Happy Birthday to my best friend and thanks for 20 years of friendship and sisterhood.
Last night I spent the night at Erin's house.
this morning I woke upt 10 am.
I went home a little bit before 12.
I brewed a pot of coffee then hopped in the shower.
I put comfy clothes back on and tried to get my school stuff organized.
-I wrote all of the due dates in my planner.
-I printed out notes and assignments
-I organized my binders and notebooks
All of those things needed to be done, but i should have been working on my trend analysis paper. (I am a great productive procrastinator)
I ate lunch around two and then got ready for work.
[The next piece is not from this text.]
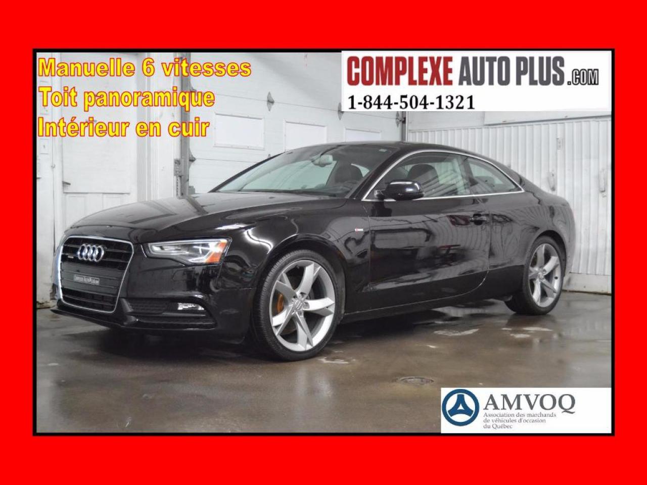 WOW Superbe A5 SLINE Manuelle 6 vitesses Quattro! Véhicule rare sur le marché! Couleur Noir avec intérieur en Cuir noir! Très propre! Véhicule inspecté et Garanti! Plan sécuritaire inclus dans le prix! Promotion spéciale: Financement 101$/sem. Tout inclus. 0$ comptant! Assistance routière et GARANTIE jusqu'au 15 octobre 2018 ou 120 000 KM inclus dans les versements! Terme 72 mois à 4,99%. Équipements principaux: Miroirs chauffant, Ouverture du coffre à distance, Toit panoramique, Mags, Bluetooth, Radio Satellite SIRIUS, Phares antibrouillards, Phares automatiques, Sièges électriques et chauffants, Commandes au volant, Contrôle de stabilité et d'anti patinage, Régulateur de vitesse, Groupe électrique, Air climatisé automatique, Toute équipé, Impeccable! Rapport historique CarProof gratuit en main, Kilométrage vérifié et certifié, inspection sécuritaire mécanique fait, Réparation mécanique fait, Changement d'huile fait, Condition esthétique optimale, Garantie supplémentaire disponible! Véhicule sécuritaire vendu en toute transparence, vous procurant une tranquillité d'esprit. Nous sommes spécialisés pour le financement en 1ère 2ième 3ième chance au crédit. Frais de documents et frais de gestion de financement 199$, forfait esthétique 150$ inclus dans les versements, doit être ajouté au prix affiché. Le prix du véhicule est avant taxes. Les versements incluent les taxes. Détails et conditions en succursale. Site Complexe Auto Plus : WWW.COMPLEXEAUTOPLUS.COM\n\n

Shaun and Sarah took me to work at 3:30. My stomach was hurting from lunch and I really didn't want to be at work. One of my first tables was 6 teenagers who got separate checks and didn't leave a tip. Around that same time i had a table of 4 people and their bill was almost $70 and they left me less than 10%. Everything was going wrong and on top of that i was feeling really out of it, dizzy, and weak. By 5:30 i was feeling awful and i had a really difficult table who clearly didn't like me. I had hit the breaking point. I went to the back and full on broke down. This had never happened at work before. It was so embarrassing to be crying and having co-workers coming up and asking me what was wrong. I almost got myself under control. I asked one of the hosts to keep an eye on my tables, and then i broke into sobs again. One of my managers came to the back to check on me. She got me a glass of water and said that if I wanted to go home I could. I couldn't get my emotions under control and chose to go home. I was so happy to be able to get out of there. By 6:45 I was home, still emotional, but was able to start calming down. I changed into sweat pants and made a pot of rice (my ultimate comfort food). I lounged on the couch for the rest of the night watching the Glee (my happy place) marathon on oxygen.
I am definitely ready for today to be over and to have a fresh start tomorrow.